Here is my DP solution … Hope it may help :slight_smile:


I appreciate everybody’s answers, really. But the answer from “meooow” is truly BEAUTIFUL. Wow.

Also, it explains the key idea of reducing the time from O(n^2) which I just couldn’t figure out. Getting to O(n^2) was hard enough for me - and I was proud of that - but then reducing beyond that was too tough!! Now I know. Huge thanks.


The process of finding the solution may be tough, but if you crack it the final form is quite simple :slight_smile:


What an awesome explanation, why not post this as UNOFFICIAL editorial :slight_smile:


Respect #Shakti_Billi


Thanks a lot for such a detailed explanation!


Thanks a lot for such a detailed explanation!


By the way I tried to use the “award points” option on meooow’s answer but I get an error
In browser Console there is this JS error:
The resource from “” was blocked due to MIME type mismatch (X-Content-Type-Options: nosniff).

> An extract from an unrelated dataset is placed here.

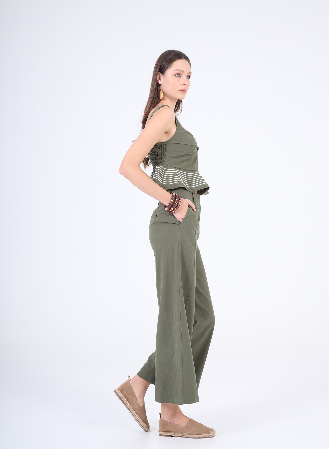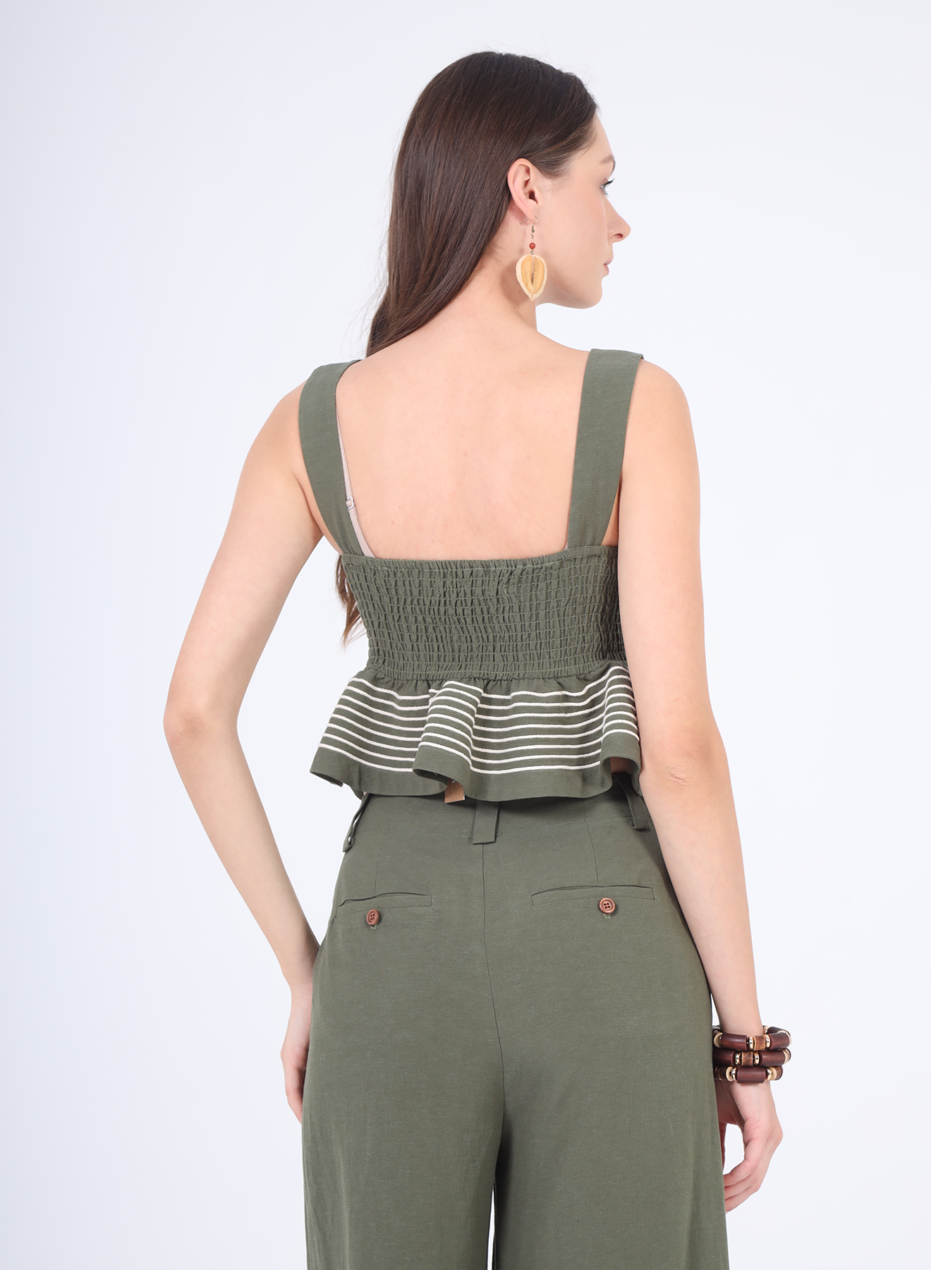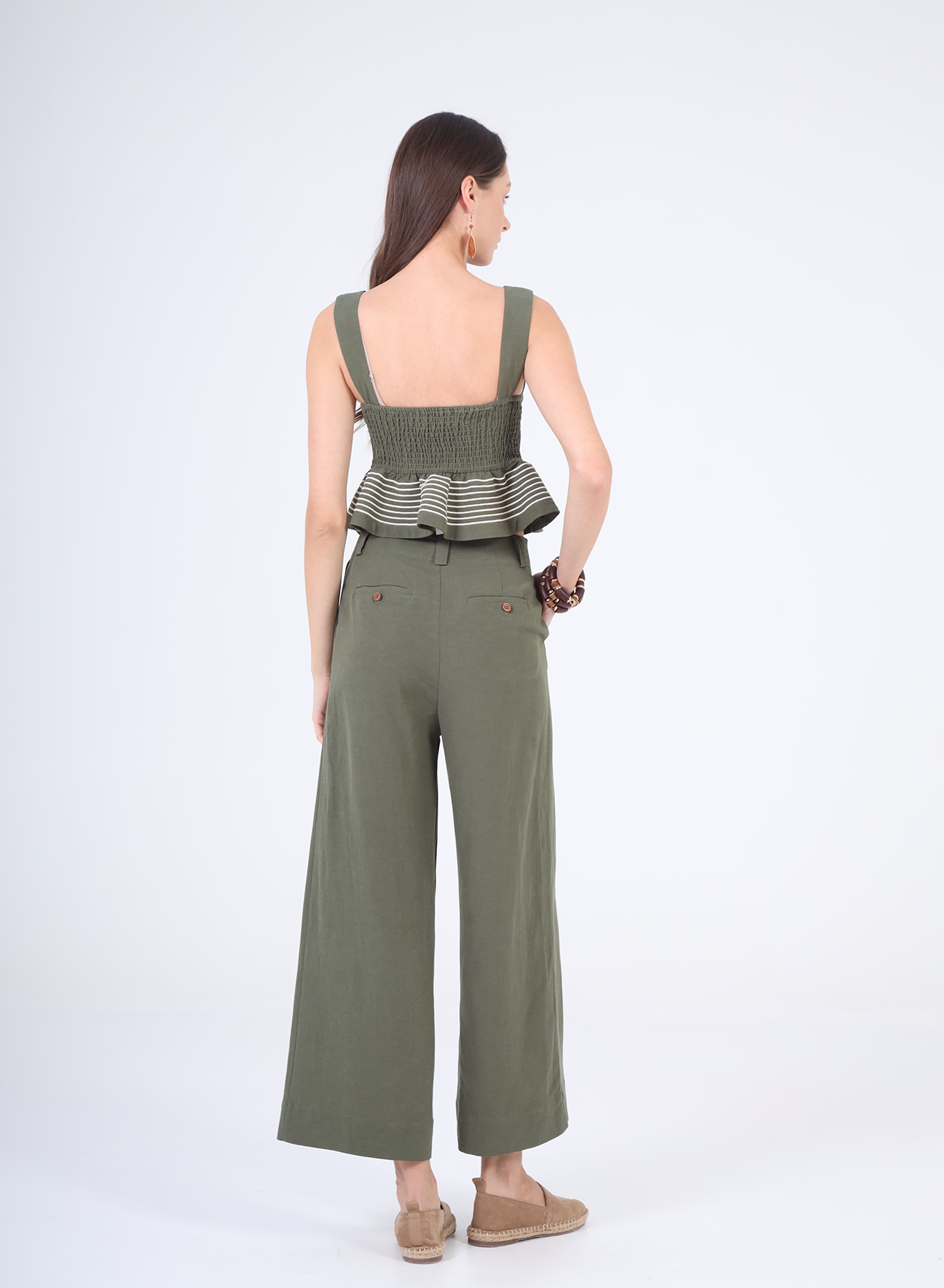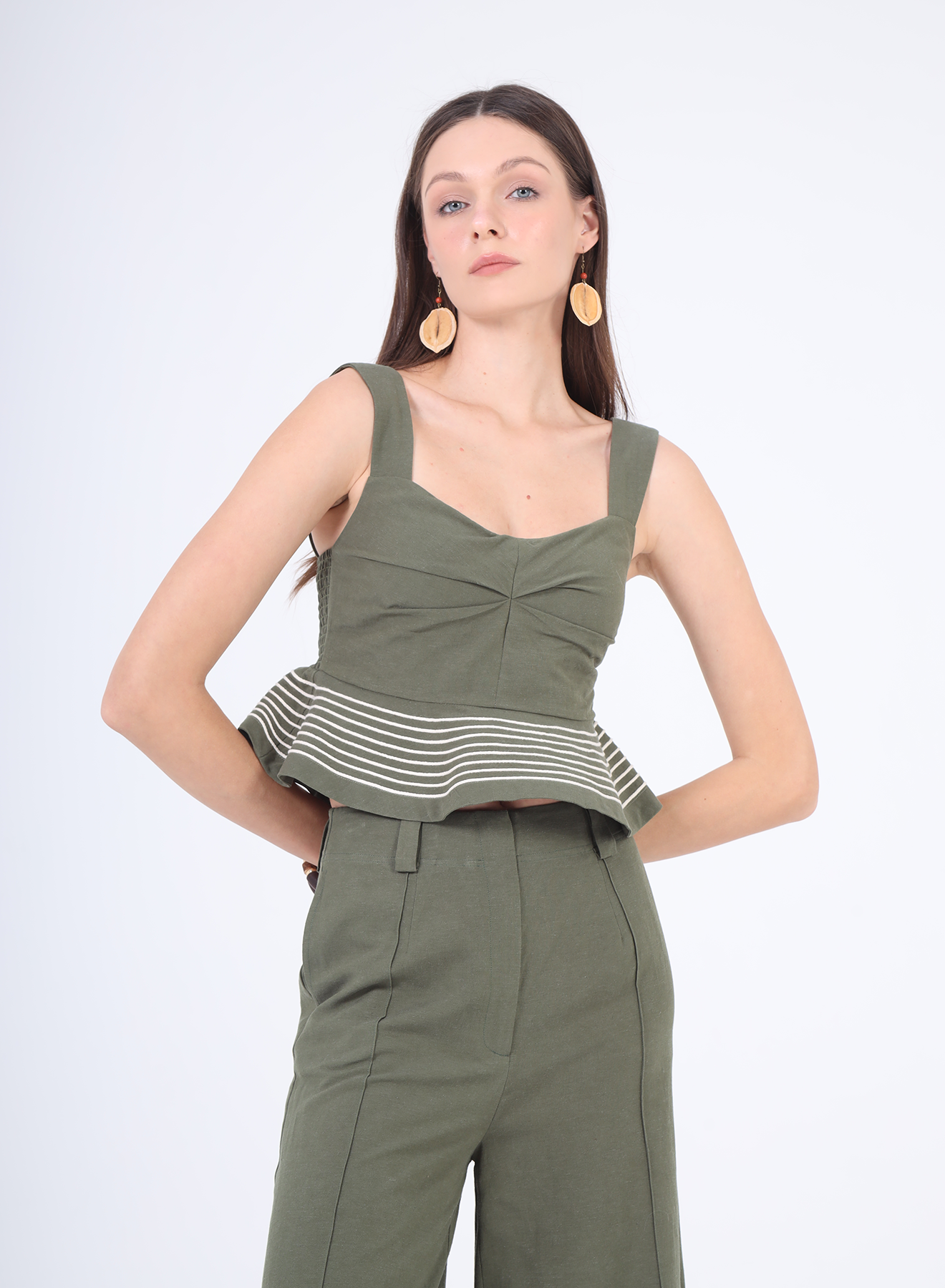 Elevate your wardrobe with the Barcelona Top, crafted from a refined blend of 55% linen and 45% viscose for breathable comfort and a luxurious drape. Its sleeveless design and delicate ruffle detail add a subtle touch of sophistication, making it an ideal choice for both polished office looks and elegant evenings. Experience effortless chic with this timeless piece.

Bizarre that jquery is being blocked but maybe admins know why.


click at the “thumbs up” thing to upvote. Award points doesnt work atm. It is supposed to be a future feature.


Haha thanks guys :stuck_out_tongue:


hey @meooow ,your explaination is showing math processing error where mathematical terms are present…it would be very helpful if u could write a blog so that others can benefit…


@viralivora the math is working okay for me. It is likely an issue with your network or browser. You can try doing a “hard refresh” as mentioned here.